Even when you’re teaching online via Zoom, sometimes the old ways are still the best ways, which is why this educator always has an old-fashioned whiteboard on an easel behind him when he teaches. Sometimes you just want to be able to explain something freehand, and as long as your camera is adequate, your students should be able to read your whiteboard.

Also, it is a good idea to have a smartphone or tablet handy to take snapshots of your whiteboard notes for future uploading onto a class website or Facebook page.

Have a web presence for your class

Zoom is a great teaching tool, but it has its limitations.
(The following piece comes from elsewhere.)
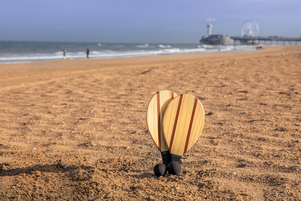 Ylellinen katseenvangitseva rantatennissetti rannalle, puistoon tai mukaan lomalle. Valmistettu vahvasta ja kestävästä männystä sekoitettuna Sapele -puuhun, mistä johtuen puukuvio vaihtelee mailakohtaisesti. Sisältää kaksi korkealaatuista palloa. Mailoissa on mukava varsi, josta saa hyvän otteen. Sisältää puuvillapussin setin helppoon mukaanottoon rannalle tai puistoon.

You will need a digital “home base” for your class that students can refer to between classes, where you can upload your class notes, alert students to homework assignments and the like, answer questions, and, most importantly, inform students of their Zoom meeting login number and password.

Larger institutions will most likely have Moodle pages for this purpose, but private teachers or instructors at small institutions will likely want to maintain their own private class Facebook pages.

Be sure to start and finish on time

You don’t wait around for latecomers in a regular classroom, do you? Why would you do anything different in an online setting? In fact, there’s even less of an excuse for tardiness online, given that students no longer have the excuse of a late bus or traffic jam for being late. Unfortunately, however, the COVID-19 shutdown has persuaded many that schedules no longer matter. You don’t want to be that teacher who lets stragglers dictate the schedule.

Take time to solicit questions, comments, and reactions from your class

Don’t race through the content. Be sure to allow your students time to utilize the meeting reactions, in-meeting chat, and push to talk functions to write questions in chat or to be unmuted to ask questions live.